Then install your packages:

pip install -r requirements.txt

Note: If you are inside WSL on Windows, the installation of Python packages can become slow due to file system performance issues. To speed up the process, you can move the project files to the WSL file system (e.g., /home/username/) instead of keeping them on the Windows file system (e.g., C:\). This allows for faster read/write operations during package installation and training.

Data Preprocessing

Before training the model, we must preprocess the dataset. The preprocess_dataset.py script contains helper functions to clean and transform the raw data.

python3 scripts/preprocess_dataset.py

This will create the processed dataset file in the /processed_dataset directory. This will be used by the training script to train the model (next step).

processed_dataset/
└── weather.csv

Train the Classification Model

Note: Always run the preprocessing step before training. If you skip preprocessing or run training first, the model may fail or use outdated data, and metrics.json may not reflect the correct results.

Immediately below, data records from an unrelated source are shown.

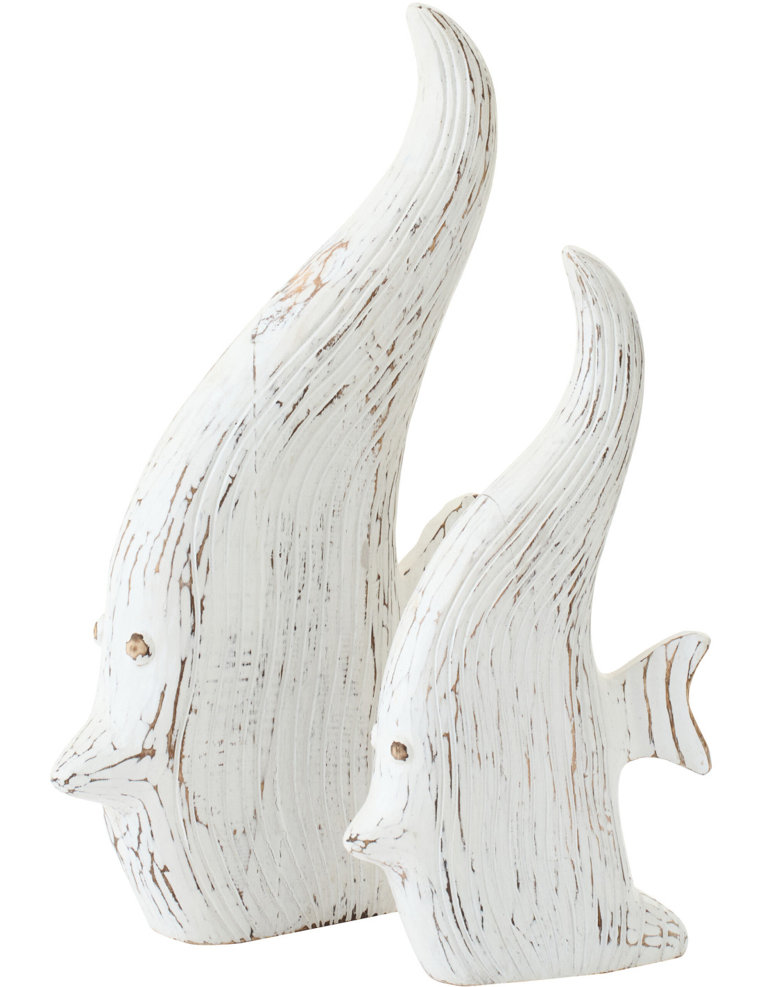 Grand Poisson déco design bord de mer H 50 cm Bois d'albasia Blanc crème Vieilli Vloei
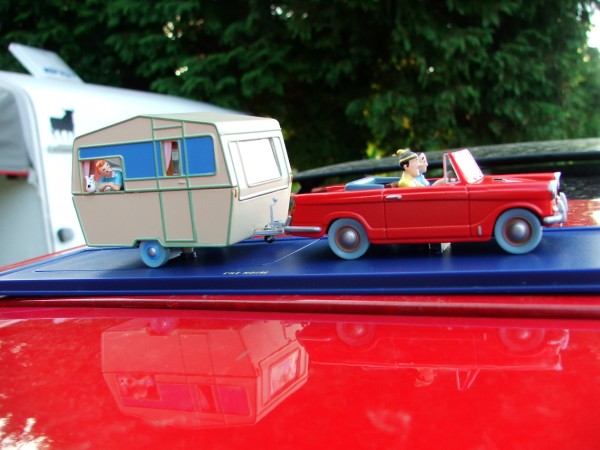 En la tienda del museo, tienen todo tipo de cosas relacionadas con Tintín, pero a unos precios muy altos; por ejemplo tienen todos los vehículos que aparecen en los comics, perfectamente reproducidos; en La Isla Negra, aparece Tintín dentro de una caravana......y no me resistí a comprarlo. Según la documentación que te dan con la compra, la caravana es una Eccles G.T. 305 y el coche un Trimph Herald 1200
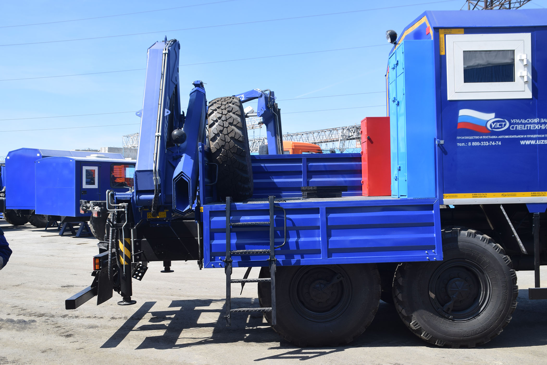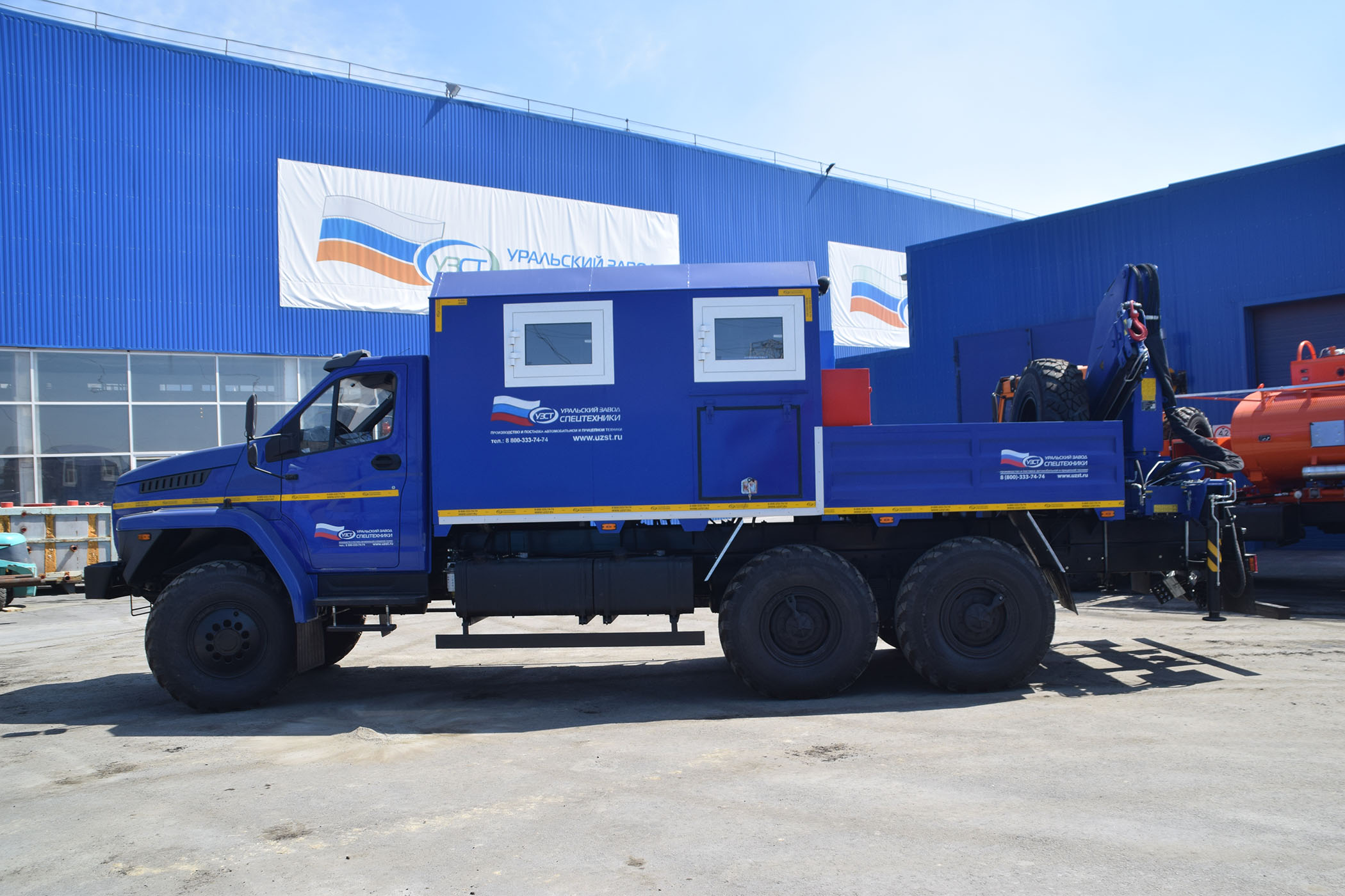 6х6, 275 л.с., коробка передач ЯМЗ-1105, пассажирский (6 мест) и технологический отсеки, открытая бортовая платформа, генератор EG-202, сварочный выпрямитель, верстак, стол, диван-рундук, макс. г/п КМУ – 6 т.
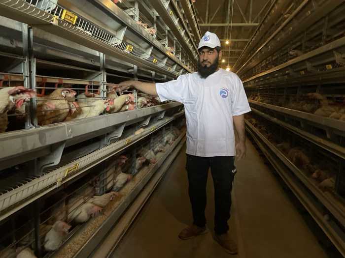 The image depicts the interior of a commercial poultry farm in Shuyene Vosta, Afghanistan

Once preprocessing is complete and the processed dataset exists, we can train the model using train.py. This script loads the processed data, splits it into training and test sets, trains the model, evaluates it, and saves the results.

python3 scripts/train.py

Output:

====================Test Set Metrics==================
{
"accuracy": 0.9378,
"precision": 0.994,
"recall": 0.7292,
"f1_score": 0.8412
}
======================================================

The script will also generates metrics.json with the latest evaluation metrics and create a confusion matrix plot (e.g., confusion_matrix.png) in the outputs directory.

outputs/
├── confusion_matrix.png
└── metrics.json
...

The confusion matrix shows the number of true positives, true negatives, false positives, and false negatives. This helps you better understand how the model is performing.

In some cases, the model may use a prediction threshold that is too high. This can make it more conservative when predicting positive outcomes. Lowering the threshold can improve recall, but it may reduce precision.

Delete the Output Files

Before proceeding with using CML and Github Actions, delete the output files and the processed dataset to simulate a fresh training run.

rm -rf processed_dataset/weather.csv
rm -rf outputs/confusion_matrix.png outputs/metrics.json

These files will be recreated by the DVC pipeline and the GitHub Actions workflow when we run them in later steps.

Setup Model Training using CML

In this step, we will use CML with GitHub Actions to train a Random Forest classifier that predicts rainfall. CML helps automate training, evaluation, and reporting for machine learning workflows.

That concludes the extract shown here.